Severe pneumonia leaves an estimated 4.2 million children under the age of five in 124 low- and middle-income countries with critically low oxygen levels each year, new analysis from UNICEF, Clinton Health Access Initiative (CHAI), Save the Children and Murdoch Children’s Research Institute (MCRI), has revealed.

Pneumonia is caused by bacteria, viruses or fungi, and leaves children fighting for breath as their lungs fill with pus and fluid. Severe pneumonia affects more than 22 million young children in low- and middle-income countries each year and kills more than malaria, measles and diarrhoea combined. “COVID-19 has infected millions of people and rendered difficult global conditions for children even worse,” said UNICEF Executive Director Henrietta Fore. “While the world grapples with the pandemic and the severe consequences it poses for the most vulnerable, we must not lose sight of the fact that pneumonia continues to claim more than 2,000 young lives every day. Medical oxygen can help save some of these lives.”
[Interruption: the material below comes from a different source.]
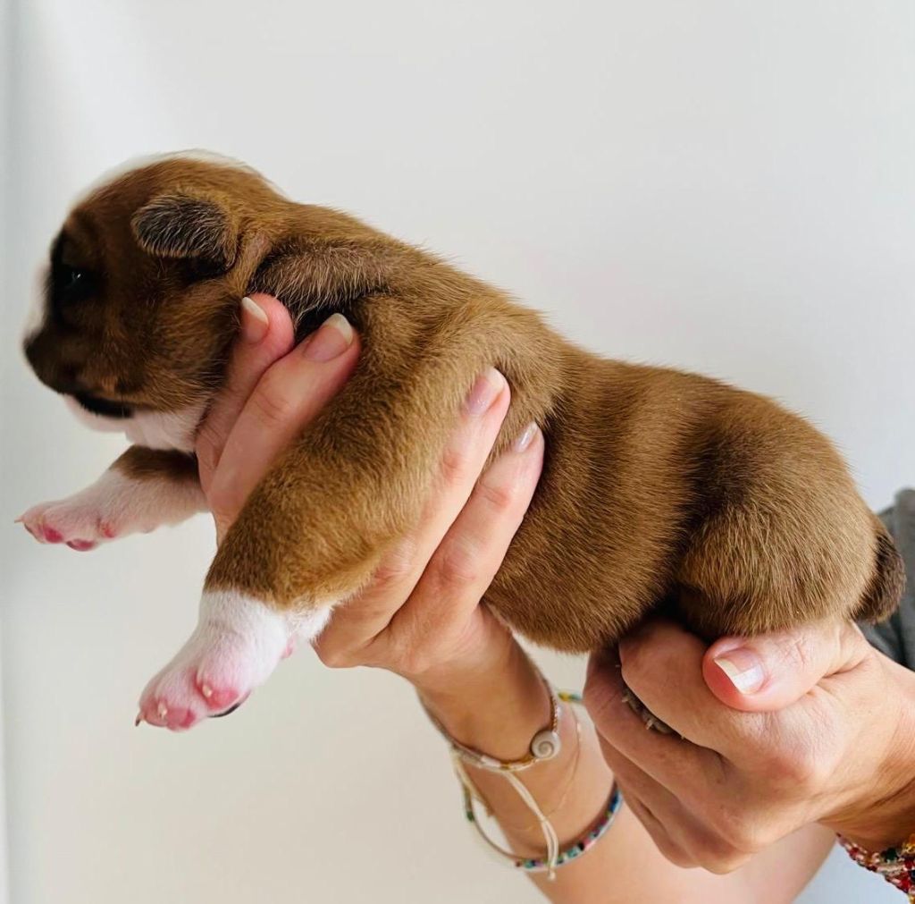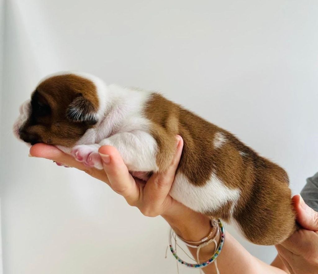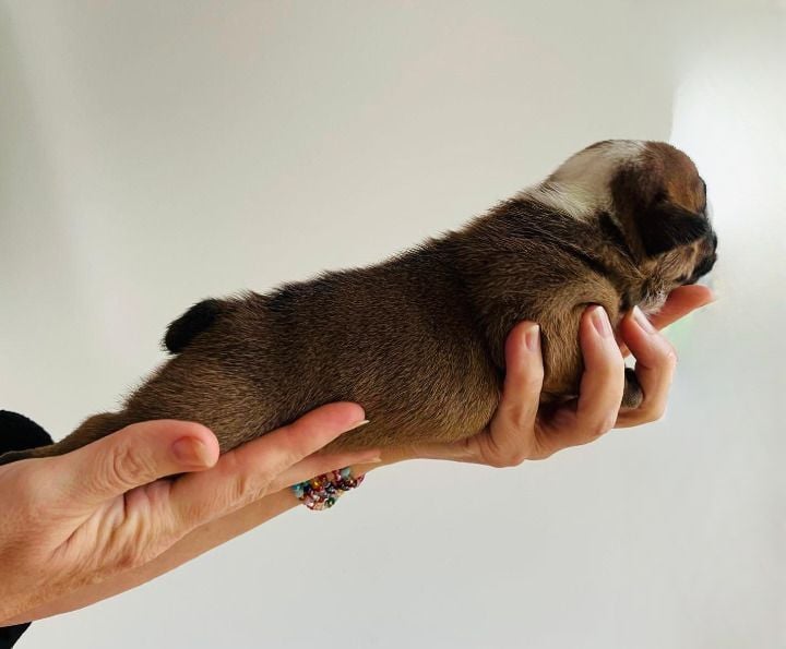 Splendide mâle , fauve, panaché blanc , avec queue au standard. Photo prise au 15ème jour.

The agencies say the COVID-19 pandemic-related disruptions to health services threaten to be a further blow in the battle against the world’s biggest infectious killer of children, which already claims the lives of over 800,000 children under the age of five each year. Medical oxygen could save the lives of many children with severe pneumonia, coupled with antibiotics. But in many places, oxygen to treat a child with severe pneumonia over 3-4 days can cost at least £30-45. For the poorest families, that bill represents a huge barrier to treatment – if the child can get to a health facility with functioning oxygen and trained health workers at all, which are often scarce in poorer countries.

Following the onset of the pandemic, worsening shortages and rising prices of oxygen have been reported in countries with some of the highest numbers of child pneumonia deaths, such as India, Bangladesh and Nigeria. According to the World Health Organisation, the poorest countries may currently have just five to 20% of the medical oxygen they need, overall.

In a commentary published in the Lancet on World Pneumonia Day, which falls on Nov. 12, global health agencies including Save the Children and UNICEF call for governments and donors to build on the investment and efforts made to respond to COVID-19 to strengthen health systems that can tackle childhood pneumonia.

World Pneumonia Day was established by the Stop Pneumonia Initiative in 2009 to raise awareness about the toll of pneumonia, a leading killer of children around the world, and to advocate for global action to protect against, help prevent and effectively treat this deadly illness.